This video is a part of our collection “The Numbers That Outlined 2022.”
Transcript
Maggie Koerth: I’ve two necessary numbers for you this yr. Some excellent news. And a few dangerous information.
First, there’s 4 … That’s the variety of dangerous per- and polyfluorinated chemical substances, or PFAS, that the Environmental Safety Company launched new focus pointers for this yr. That is the excellent news.
Then, there’s 4 thousand seven hundred … That’s roughly the variety of totally different PFAS chemical substances on the market, globally. They’re current in hundreds of merchandise you purchase and use. They’re even in your consuming water. And this whole class of chemical substances, together with those developed to be “safer” replacements, have more and more been proven to be harmful to human well being.
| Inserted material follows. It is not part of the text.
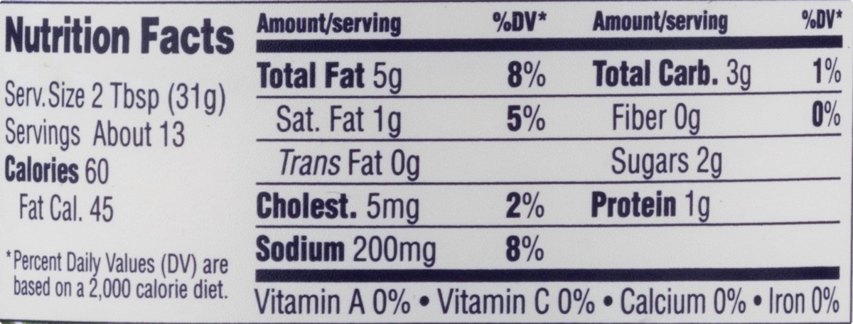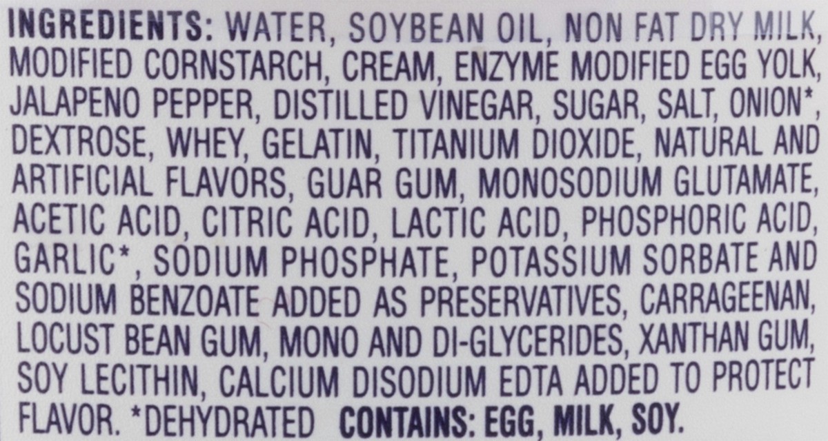 Skim Milk, Soybean Oil, Water, Modified Cornstarch, Contains 2% or Less of: Cream, Enzyme Modified Egg Yolk, Jalapeno Pepper, Distilled Vinegar, Sugar, Salt, Onion*, Dextrose, Whey, Gelatin, Titanium …

PFAS are an issue that date again to your grandma’s day. They have been invented through the Nice Melancholy and have been utilized in non-stick coatings on merchandise like pots and pans because the Nineteen Forties. Since then, they’ve develop into a part of how we make waterproof and stain-resistant materials and carpets, fire-fighting foam, cleansing merchandise, paint, meals packaging and extra.
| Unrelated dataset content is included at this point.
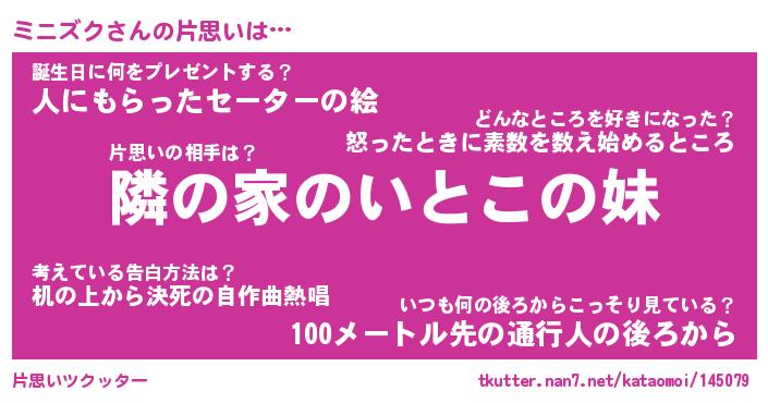 | ファンタジー風あだ名 | 『ミニフェル』『エターナルミニズクー』 |

However these “ceaselessly chemical substances” don’t break down. They only construct up within the surroundings. And within the early 2000s, scientists began discovering these chemical substances in soil and water … and, finally, in human blood.
To place it mildly … this isn’t good. Only a few components per trillion in consuming water have been linked to all kinds of well being points, from thyroid and immune response issues, to excessive ldl cholesterol, to testicular most cancers. This summer season, the Nationwide Academies of Sciences reported that just about one hundred pc of People have been uncovered.
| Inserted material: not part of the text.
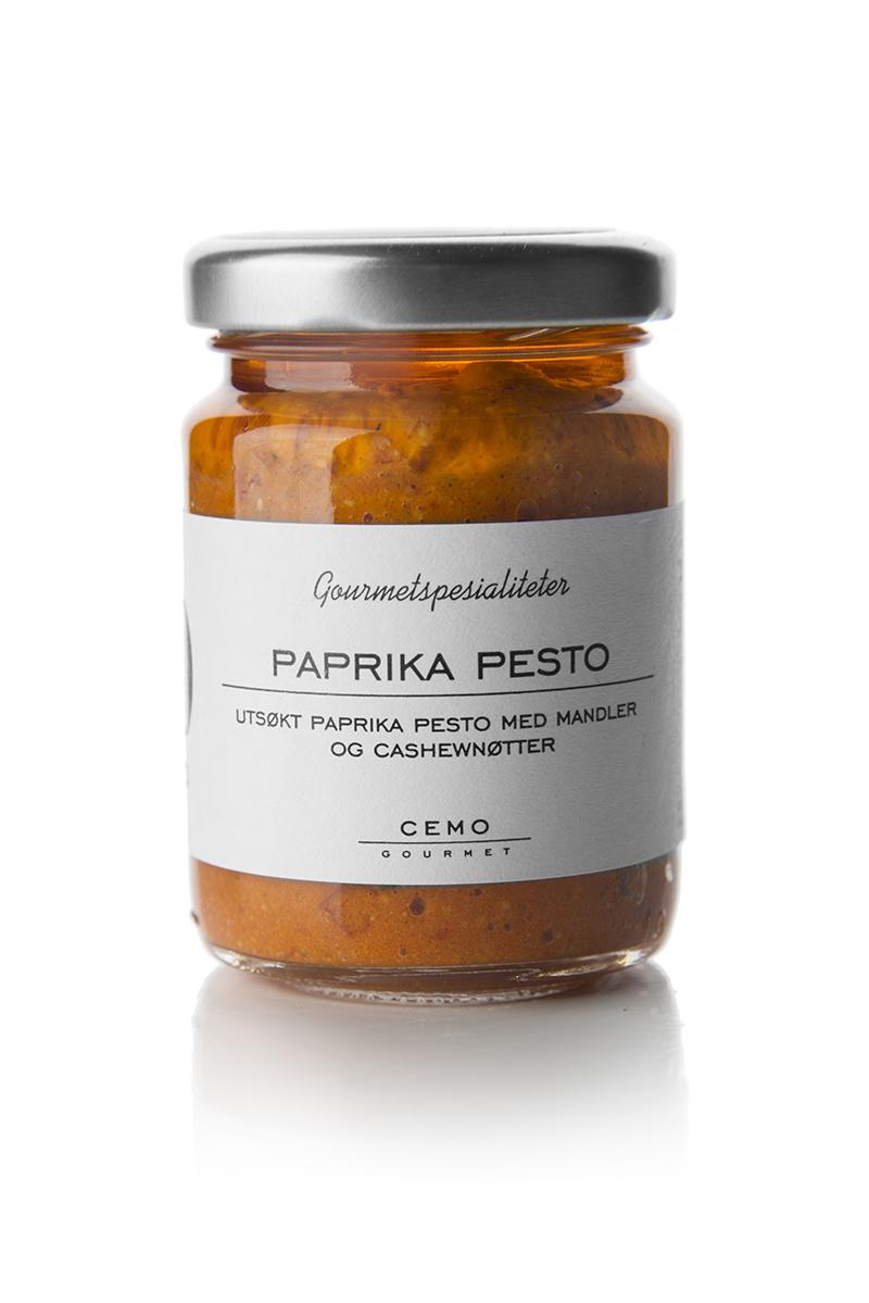Ingredienser: Paprika, solsikkeolje, tomatekstrakt, cashewnøtter, mandler, løk, salt, modnet parmesan (melk, salt, rennet), basilikum, hvitløk, vineddik, fruktose, merian, pinjekjerner, mandelaroma, melkesyre E270. Nettovekt: 90 g

Regardless of all of this … or perhaps, behind all of this … is the truth that PFAS aren’t effectively regulated. The EPA didn’t even have pointers for what a suitable focus of PFAS in consuming water may be till 2016. At the moment, they mentioned that 70 components per trillion was a suitable quantity of PFAS to search out in water provides. Now they’ve dropped that by greater than a thousandfold. Scientists aren’t positive they even have the instruments to measure PFAS at that stage.
The EPA is within the course of of making the primary federally enforceable laws round two PFAS chemical substances. That’s prone to occur in 2023. And particular person states are taking motion too. By 2030, new merchandise containing any PFAS in any respect will probably be unlawful within the state of Maine.
And issues are altering on the business stage too. 3M, the corporate that first developed and nonetheless is the unique producer of a few of these chemical substances, has mentioned they’ll cease making PFAS by 2025.
So the publication of unenforceable pointers protecting 4 out of 4000 plus chemical substances is just the start. We’re at the beginning of a severe shift in how the general public – and the federal government – take into consideration PFAS.